The devastating fire seasons plaguing California’s Sierra Nevada may be a thing of the past after 2030, and that has scientists worried.
Their main concern? The area might not have enough trees left by the next decade.
A study published this past week in the journal Ecosphere suggests that dry mountain forests in California and other Western states will likely see ever-worsening fires for the next decade, followed by a period of fewer fires with less intensity.
Between now and then, wildfires turbocharged by climate change are expected to dramatically alter the landscape, leaving less fuel for blazes just 10 years from now, according to the study.
Researchers looked at the Big Creek watershed in the Sierra Nevada, near the source of a 2020 fire that burned 78,000 acres and destroyed much of a nearby town. Their goal was to get a better sense of whether the massive forest fires in recent years would become permanent in California. In order to do so, they had to build a simulation that could essentially predict what wildfires would look like years from now.
Their eventual model was adopted last week by the California Air and Resources Board to use in projecting the long-term impacts of fire on the California landscape.
What the researchers found in their study was that the Big Creek watershed near Fresno, if left alone, was going to pulse in a spasm of repeated fires over the next decade, by which point it would have blasted through enough of the large fuel on the landscape that — in combination with climate change — the land would no longer be hospitable to fire.
But without climate change, fires that recur at regular intervals would help “to constrain fuels” by sweeping the landscape clean of elements that otherwise allow big fires to build up and reach the canopy, said Maureen Kennedy, lead author of the study and an assistant professor at the University of Washington Tacoma.
The model found that climate change would speed up the decomposition of “little fuels” such as pine needles, fallen branches and leaf litter that drive fire by accelerating the work of the plants, animals and fungi that break them down. The end result would mean more trees burning.
Kennedy said climate change also drove drought, making the forest less productive. Over the long term, particularly beyond 2030, a decreasing amount of vegetation would mean less fuel and a decline in the frequency and intensity of forest fires.
Every forest and landscape tells its own story, Kennedy said, but there were certain broad conclusions that could be drawn from the research in California.

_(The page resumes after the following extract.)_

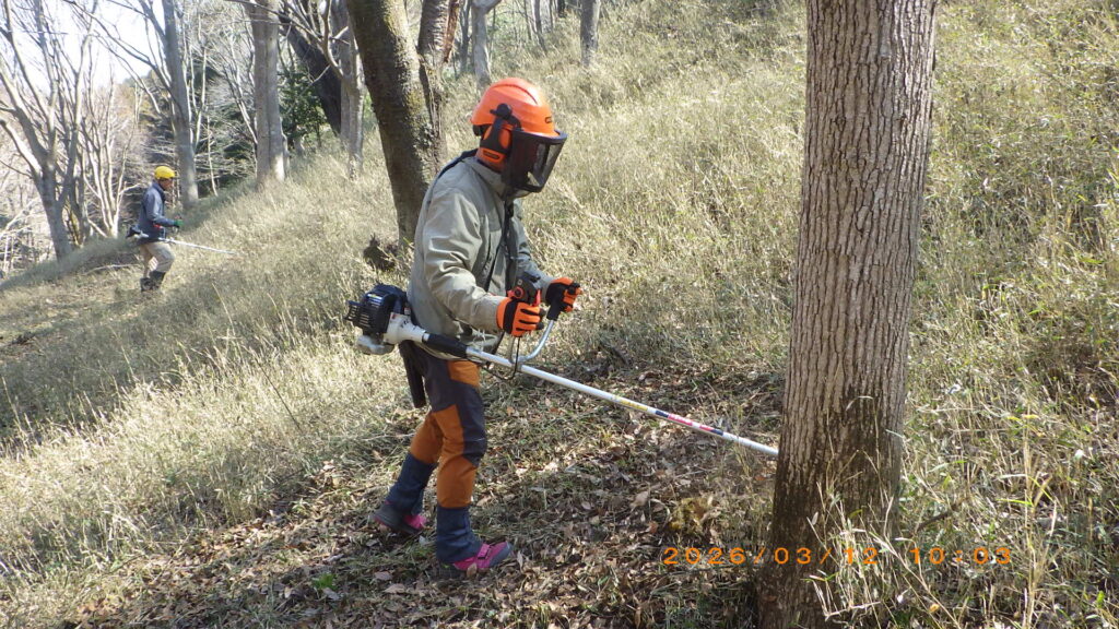 今日の活動は、2名が担当し山頂部近くの作業道に係る1本の倒木をチェーンソー活用し処理を実施。ほか8名で遊々の森倉庫前斜面の除草作業であり、まずは斜面はヤマザクラやケヤキなどの枯れた落枝が多いのでそれを拾い除去した。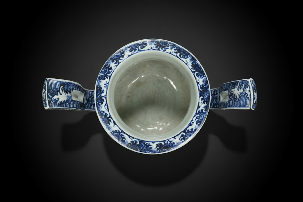 俯视炉口,呈宽沿圆形,内壁施白釉泛青,光洁细腻。口沿与双耳饰以连绵海水波纹,与炉腹主纹相呼应,视觉节奏明快,体现出明永乐官窑对对称与秩序之美的极致追求。

One such conclusion: The effects of climate change and decades of fire suppression efforts are linked. Climate change has caused the drought, higher heat and more volatile atmosphere that created the conditions for massive blazes. But fire suppression methods that left more fuel in place for the next blaze have also created problems.
“There’s a theory that if you remove fire, it homogenizes the landscape, and reduces variability, which gives you large patches of dead trees” that fuel firestorms, Kennedy said. “Whereas historically, you had a matrix of different landscapes” in a “more mixed” forest.
The simulation painted a bleak future for California’s dry forests. The next decade could see fires big enough that, in conjunction with climate change, they permanently change forest landscapes into brush and shrubs.
But the study also suggests a solution for policymakers, Kennedy said. In the dry forests, “the best way to deal with our fire problem is fire itself,” by following the example of the Indigenous peoples of California who intentionally burned millions of acres a year.
Today, Kennedy said, the best method is what’s known as mechanical fuel treatments — cutting down small trees and brush — followed by fire to clean out the tree debris.
“If we can conduct mechanical treatments and controlled burns, and create a patchy landscape, then even with climate change,” there’s a chance to save the forest, Kennedy said.